RECORDS PROVIDED START
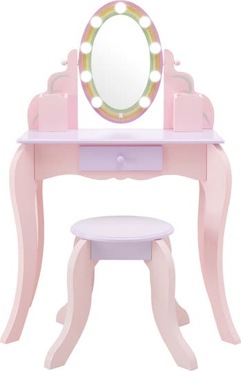 Your kid will love storing their favorite makeup and hair products in this princess-worthy vanity set featuring a spacious table with an oval light-up mirror.
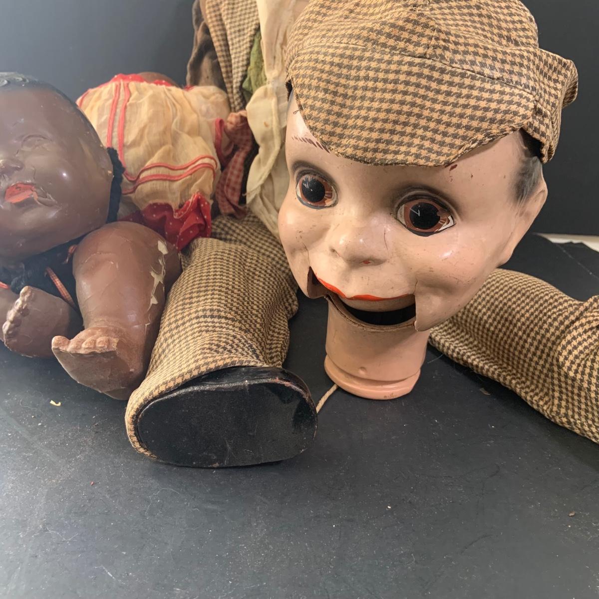 LOT152:: Vintage/Antique Dapper Dan Charlie McCarthy Vantriliquest Doll Filled with Saw Dust and a 1932 Black Patsy Composit Baby DollDoll
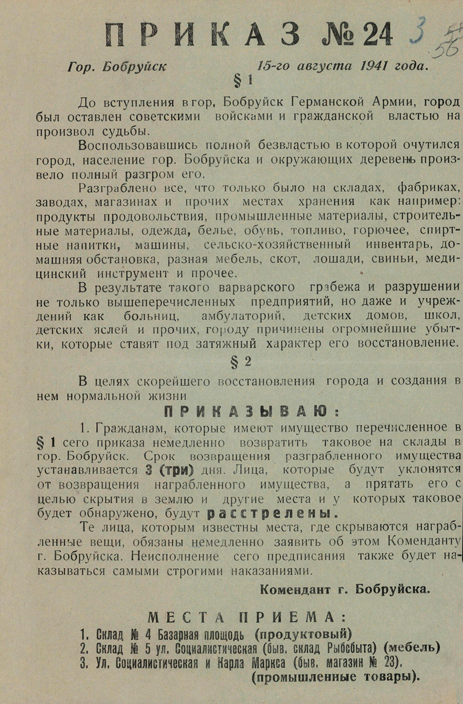 | 1. Приказ коменданта г.Бобруйска от 15 августа 1941 года №24 о возврате награбленного имущества (Ф. 858 Оп. 1 д.19 Л. 56). |
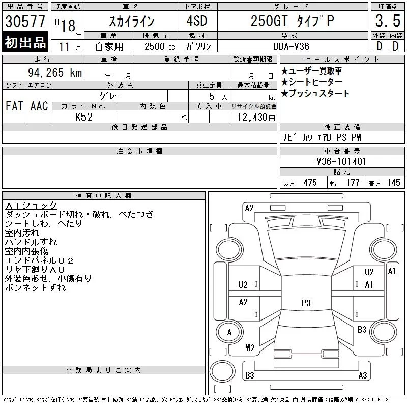 Nissan SKYLINE с аукциона Японии CAA Tokyo лот № 30577
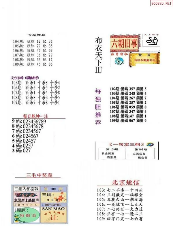 (2)26年109期本期3d图迷汇总_福彩3D图谜总汇图
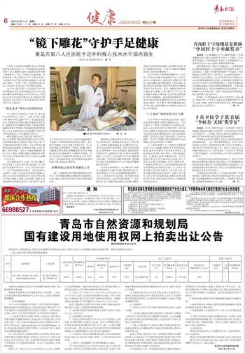 近年来,青岛市第八人民医院手足外科实现跨越式发展,断肢再植成功率达90%,游离皮瓣及拇指再造成功率达98%以上,两项核心技术均达到国内领先水平,科室先后成为青岛市手足外科中心和市医学会手外科学专科分会主委单位。
RECORDS PROVIDED END
Leave every picture out and write out exactly the lines from the line with "(2)26年109期本期3d图迷汇总_福彩3D图谜总汇图" through the last line of the material.

 (2)26年109期本期3d图迷汇总_福彩3D图谜总汇图
 近年来,青岛市第八人民医院手足外科实现跨越式发展,断肢再植成功率达90%,游离皮瓣及拇指再造成功率达98%以上,两项核心技术均达到国内领先水平,科室先后成为青岛市手足外科中心和市医学会手外科学专科分会主委单位。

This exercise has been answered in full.